Eli usulca aynaya gitti. Bu ayna misali iki parçaydı içinde kadın. Yansıması vardı kendi içinde. İki ayrı kişilik, iki ayrı keder, iki ayrı benlik.. Lakin ikisi de darbelerle dolu dengesizdi. Bölünen kişiliği sadece ruhuna kazınan acılardan değil, onun gencecik yaşında ki millatlık acılarından dolayıydı. Kadın artık kim olduğunu bilemiyordu...
Aniden odasının kapısı büyük bir gürültü ile açılınca hırsla bağırdı.
'Bu ne cüret?!'
Ani bu çıkışı içeriye giren kişiyi görünce son buldu. İçeriye giren kişi amca oğlu olan abisiydi. 'Hemen celallenme, benim. Sadece diğerleriyle birlikte silah talimine gidicektik sende gelmek istermisin diye sorucaktım.'
' kapıyı çalabilme nezaketinde bulunabilrdin Uraz abi! Ama bir on dakika bekleyin bende gelicem.'
Uraz küçük kuzeninin bu haline güldü . Sürekli olarak değişen ruh hali dedelerine benziyordu. Anladığı kadarıyla minik kuzeni için hayli kabuslu bir gece daha geçmişti . O her ne kadar iyiyim dese de Uraz biliyordu asla iyi olmadığını lakin oynunuda bozmuyordu. O her yalancı bir gülüş gönderdiğinde diğerlerinin aksine inanmasada rol yapıyordu. Şimdide rol yapma zamanıydı .
'Tipin uyku uyumamış fok balıklarına benziyor'
Sen nerden biliyorsun fokun uyumamış halini diye sormak istedi ama gereksiz polemiğe girmek istemediği aşikardı Ashraf için.
' Sen çıkda hazırlanırım ben!'
Uraz yavaşça kapıdan çıkarken Ashraf çoktan siyah bir darpaca ve siyah likralı üçgen yaka bir tişört kombine etmişti bile. Aksesuar ekstradan takmadı bile. Zaten kulağından hiç çıkarmadığı siyah küpeler kulağındaydı, yüzüklerden biri boynunda kolye görevi görürken diğeri sol elinin yüzük parmağında parlıyordu öte yandan birbiriyle aynı iki siyah bileklikte iki kolundaydı . Bunlar aksesuar değildi Ashraf için bunlar ondan geriye kalan eşyalardan sadece bir kaçıydı. Onun varlığını arıyordu eşyalarda. Ancak acısı böyle çekiliyordu . Çünkü Ashraf her nefeste ölüyordu ve onun varlığını hissederek ölmek yegane arzusuydu. Bileğindeki bilekligi okşarken fısıldadı. Lakin bu fısıldama sadece zihninde yankılandı. Zira kadın susarak özlüyordu.
ŞİMDİ OKUDUĞUN
Gitmeme İzin Ver (Kaderle Kumar Serisi 1. Kitap )

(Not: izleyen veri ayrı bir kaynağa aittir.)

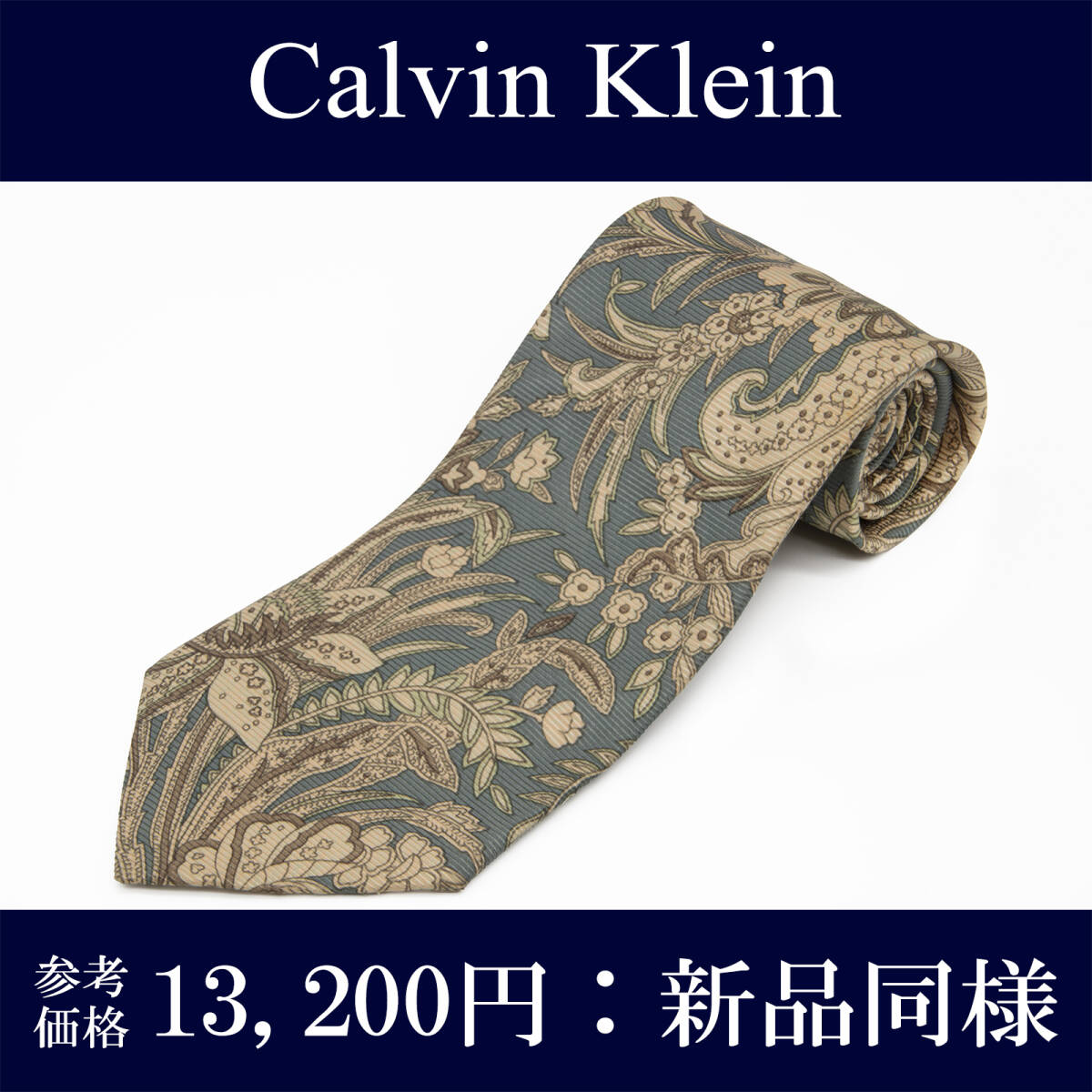 - 送料無料 カルバンクライン ネクタイ レギュラータイ 新品同様 シルク 青 グレーブルー ベージュ 茶色 黄緑色 花 葉 リーフ ブランド P163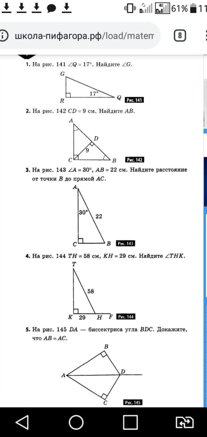 1) 73; 2) 18; 3) 11; 4) 60; 5) По условию AD общее основание, а Угол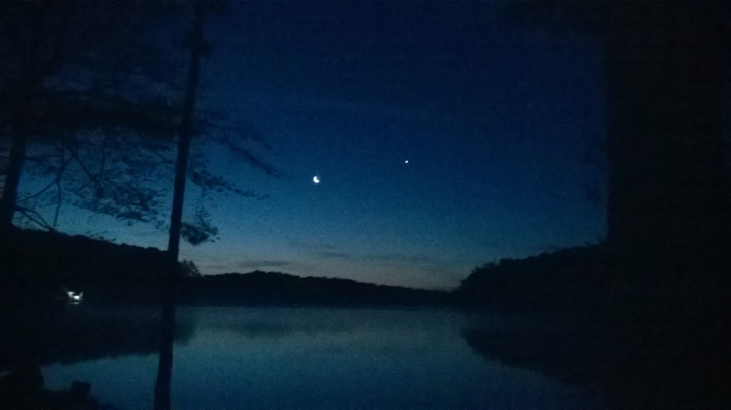 That night, we were spared with only two trains and one plane. The next morning, we showed up at transition during pre-dawn hours where Alba and I took a moment to sit on a picnic table and enjoy a crescent moon along with Venus. At least I think it was Venus.

RomanceBir kadın, kaşları Zülfikar, cemali ay... Bir adam ruhu cehennem kalbi kanrevan... Oldukça sıradan bir şekilde yaşamına devam eden iş adamı Azat Demirbüken'in yaşamı, İran'a olan iş seyhati ile baştan sona değişmekle kalmayacaktı. Atış talim sahası...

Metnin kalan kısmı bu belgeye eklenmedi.